TASK OBJECTIVE:
For the data below, restate word for word only the lines from the line containing "Hier finden Sie" through the line containing "杭州拱墅区2015-2016学年初三上期末英语试卷", both ends included.

LISTED ENTRIES:
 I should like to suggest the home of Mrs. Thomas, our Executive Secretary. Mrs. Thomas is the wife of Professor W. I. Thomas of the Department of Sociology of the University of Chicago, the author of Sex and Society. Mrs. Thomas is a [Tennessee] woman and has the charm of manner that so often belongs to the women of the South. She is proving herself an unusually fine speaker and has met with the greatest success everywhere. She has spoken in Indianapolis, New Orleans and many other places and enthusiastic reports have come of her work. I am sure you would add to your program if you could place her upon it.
...
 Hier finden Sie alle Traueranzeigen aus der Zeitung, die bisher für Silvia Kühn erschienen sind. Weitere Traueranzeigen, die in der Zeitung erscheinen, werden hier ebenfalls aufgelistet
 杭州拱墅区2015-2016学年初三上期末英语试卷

RESULT OF THE EXERCISE:
 Hier finden Sie alle Traueranzeigen aus der Zeitung, die bisher für Silvia Kühn erschienen sind. Weitere Traueranzeigen, die in der Zeitung erscheinen, werden hier ebenfalls aufgelistet
 杭州拱墅区2015-2016学年初三上期末英语试卷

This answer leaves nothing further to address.